Mas tem sido um maravilhoso aprendizado. Aprendi que num site você vê imediatamente a resposta do público ao que você está escrevendo, e isso é fascinante (embora eu evite, por questões de tempo, me envolver em longas polêmicas através dos comentários). O Pedro da Cunha e Menezes nunca soube disso, mas o brevíssimo comentário (quatro palavras) que ele escreveu sobre “Os ursos de R?c?d?u” foi muito especial para mim, e decisivo para que eu me decidisse a dar esse passo que eu tinha vontade mas ainda um pouco de medo de dar. Depois disso, os comentários me surpreenderam um monte de vezes, quase sempre para bem, descobrindo preocupações e sensibilidades onde eu não imaginava que existissem. Nessa hora um conservacionista descobre uma das coisas mais gratificantes que existe: que não estamos sozinhos. Que há muitos como nós, que se importam com o que nós importamos, que amam o que nós amamos. E isso é a nossa força, uma força admirável num mundo de tantas forças tão pouco admiráveis. A força para fazer um mundo melhor, para todos os seres vivos desse pequeno e combalido planeta. Como cantou John Lennon, “Você pode dizer que eu sou um sonhador / mas eu não sou o único / um dia você vai se juntar a nós / e o mundo será como um só.” Em um site, mais que em qualquer outro veículo, você descobre os outros sonhadores.

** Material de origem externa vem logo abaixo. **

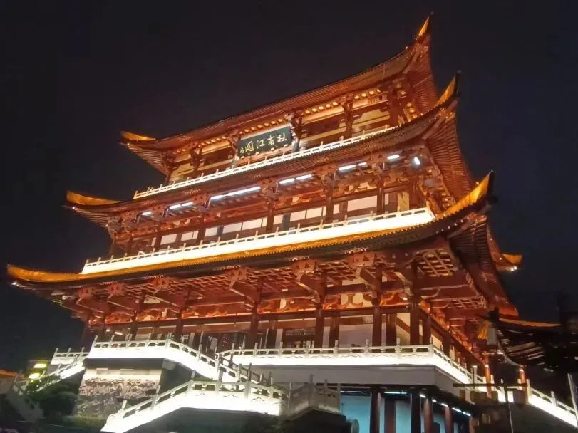 晚上亮灯超好看,还可以在江边city walk散步,可以看到万达的灯光秀,还有,江边也有乐队唱歌,好听!

Aprendi muito com meus colegas colunistas também, e uma coisa que aprendi com eles, começando pelo próprio Marcos Sá Corrêa, é que – por mais grave que seja nossa situação – conservação da natureza não precisa ser um assunto chato. Nós estamos nisso em grande parte porque amamos a natureza, porque gostar de bichos e plantas é parte (sufocada ou não) da própria natureza de cada um de nós. Além disso, compreender os processos naturais à nossa volta – seja os processos ecológicos, seja os evolutivos que deram origem a tudo isso – é um dos maiores prazeres intelectuais que uma pessoa pode ter. Acredito que a divulgação científica, seja sobre conservação, biologia da conservação ou o que quer que seja, só tem a ganhar ao valorizar a curiosidade, o encantamento da descoberta. O rigor da denúncia não precisa sufocar o deleite do entretenimento; conservação não se faz só com a razão, mas também com a emoção.

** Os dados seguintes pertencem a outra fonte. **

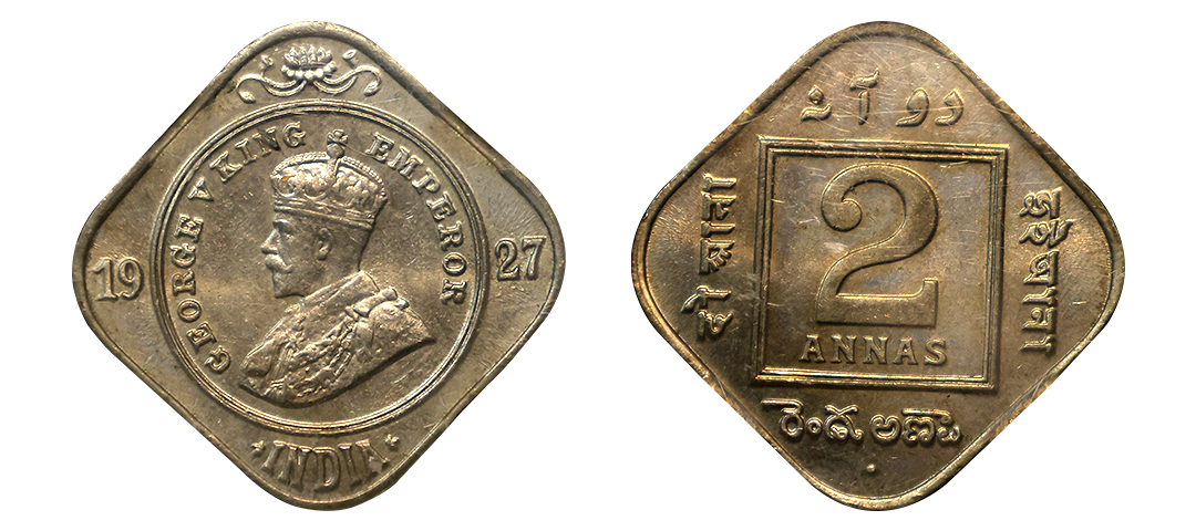 George V, Cupro-Nickel 2 Annas, 1927, Bombay Mint (Prid 900). Graded by NGC MS64.

Muito ainda há a aprender, e muito ainda há a se fazer. A luta pela conservação só se intensifica, como uma escalada de forças. As agressões à natureza são muito antigas na história humana, mas nunca antes na história deste país, e desse planeta, foram tantas e tão poderosas como agora. Por outro lado, nunca antes se fez tanto pela natureza como hoje, e nunca antes houve tantas pessoas com o grau de consciência ambiental que vemos hoje. O Eco tem tido uma parte muito importante nesse último esforço, e eu sinto um imenso orgulho de ter sido uma pequena parte disso. Longa vida ao O Eco, às pessoas especiais que o tem feito, e aos ideais que ele representa.